# [Task item]
The reply needs the lines from the one containing "无醛固色剂ColTrit® HS-255" through the end of the material, each repeated exactly, and no pictures.

■ ■ ■ ■ ■

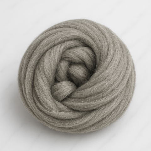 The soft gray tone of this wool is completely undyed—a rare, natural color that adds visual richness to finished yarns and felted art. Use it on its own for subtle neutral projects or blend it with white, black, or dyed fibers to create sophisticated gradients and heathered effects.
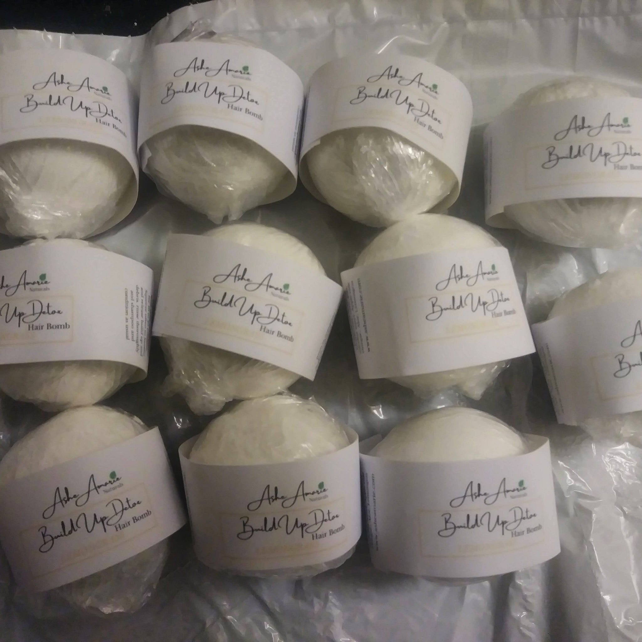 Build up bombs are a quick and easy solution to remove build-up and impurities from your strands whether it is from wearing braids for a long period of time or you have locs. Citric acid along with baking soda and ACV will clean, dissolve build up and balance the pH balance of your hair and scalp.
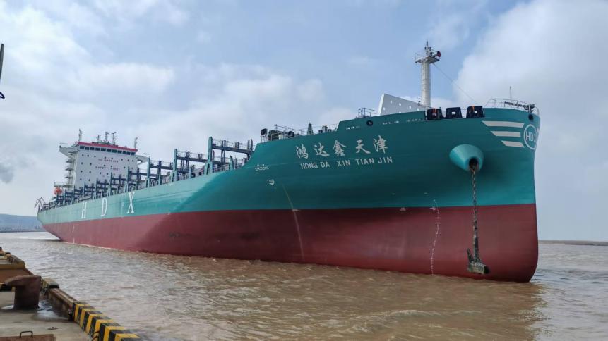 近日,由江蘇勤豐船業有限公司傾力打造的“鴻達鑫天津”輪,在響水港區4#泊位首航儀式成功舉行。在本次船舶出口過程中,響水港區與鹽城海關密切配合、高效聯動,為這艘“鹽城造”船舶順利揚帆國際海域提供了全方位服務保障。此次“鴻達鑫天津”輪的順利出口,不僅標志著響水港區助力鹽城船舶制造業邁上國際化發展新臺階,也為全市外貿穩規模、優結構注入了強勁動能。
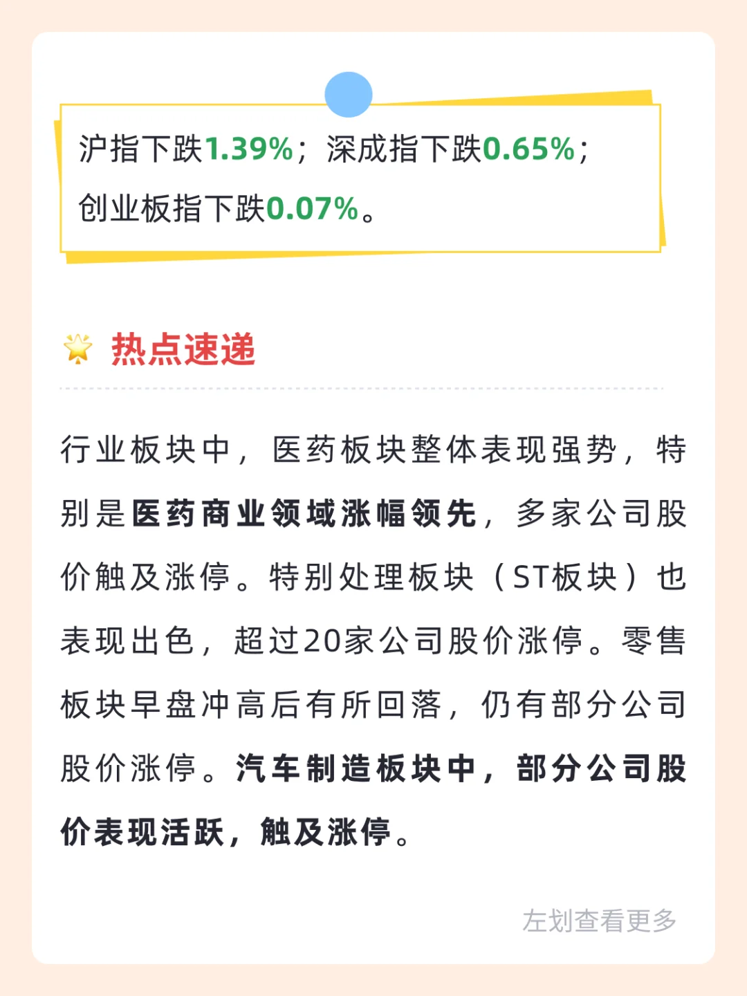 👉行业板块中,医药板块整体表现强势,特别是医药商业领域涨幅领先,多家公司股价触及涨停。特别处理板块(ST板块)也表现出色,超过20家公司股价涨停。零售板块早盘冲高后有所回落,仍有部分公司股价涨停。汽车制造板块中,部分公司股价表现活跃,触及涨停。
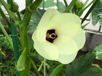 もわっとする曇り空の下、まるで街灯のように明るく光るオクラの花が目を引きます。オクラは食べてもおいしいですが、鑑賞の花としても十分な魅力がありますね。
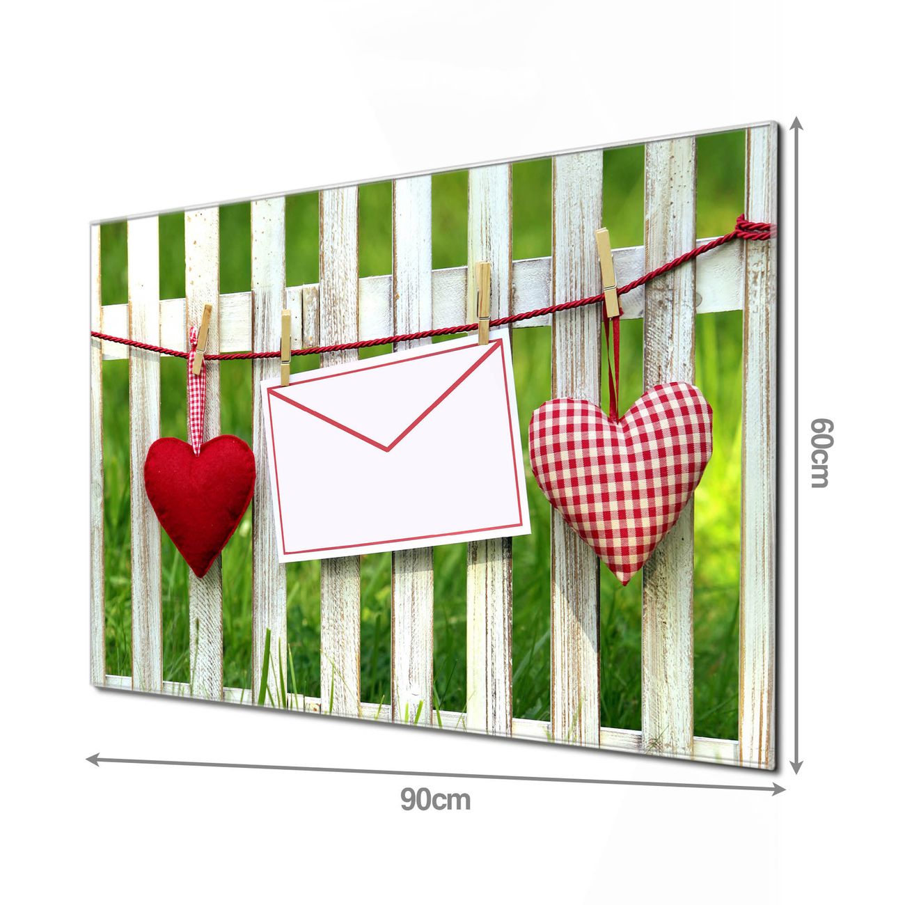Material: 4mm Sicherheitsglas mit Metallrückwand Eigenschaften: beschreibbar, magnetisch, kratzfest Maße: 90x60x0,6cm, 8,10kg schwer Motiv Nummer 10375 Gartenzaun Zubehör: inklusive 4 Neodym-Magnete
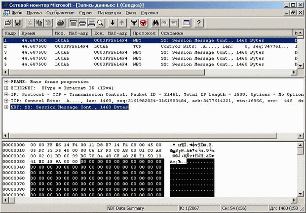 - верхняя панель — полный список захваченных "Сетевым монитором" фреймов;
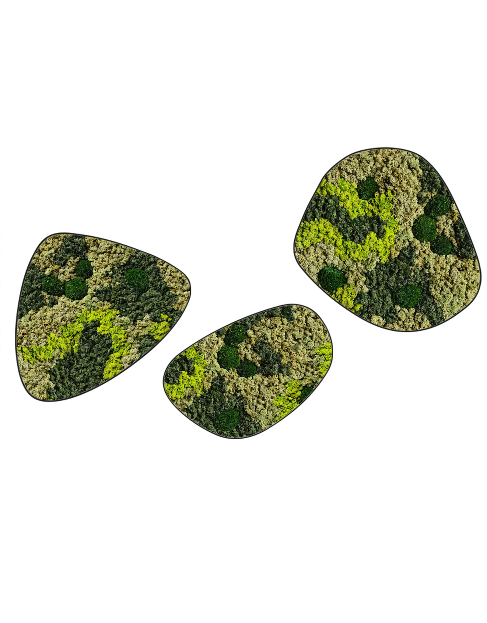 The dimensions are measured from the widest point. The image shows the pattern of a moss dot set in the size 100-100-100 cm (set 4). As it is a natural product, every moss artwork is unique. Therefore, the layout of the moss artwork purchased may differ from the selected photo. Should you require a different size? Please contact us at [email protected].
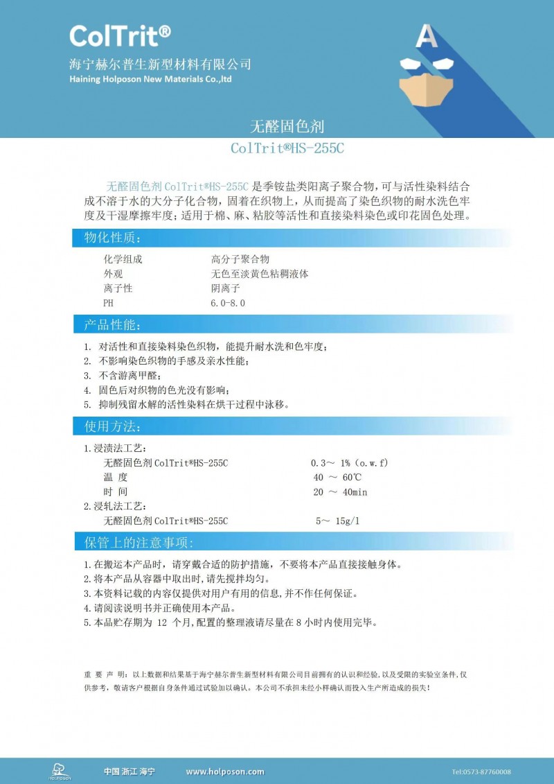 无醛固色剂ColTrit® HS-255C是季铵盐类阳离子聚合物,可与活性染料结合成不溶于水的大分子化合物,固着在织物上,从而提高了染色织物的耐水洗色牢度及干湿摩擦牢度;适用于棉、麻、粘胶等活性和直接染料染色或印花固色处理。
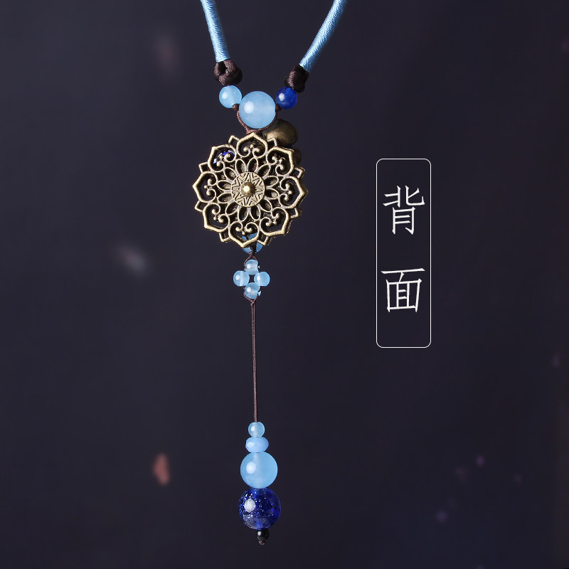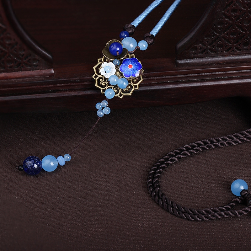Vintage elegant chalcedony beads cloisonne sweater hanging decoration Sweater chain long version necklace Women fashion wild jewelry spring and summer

■ ■ ■ ■ ■

# [Exercise output]
 无醛固色剂ColTrit® HS-255C是季铵盐类阳离子聚合物,可与活性染料结合成不溶于水的大分子化合物,固着在织物上,从而提高了染色织物的耐水洗色牢度及干湿摩擦牢度;适用于棉、麻、粘胶等活性和直接染料染色或印花固色处理。
Vintage elegant chalcedony beads cloisonne sweater hanging decoration Sweater chain long version necklace Women fashion wild jewelry spring and summer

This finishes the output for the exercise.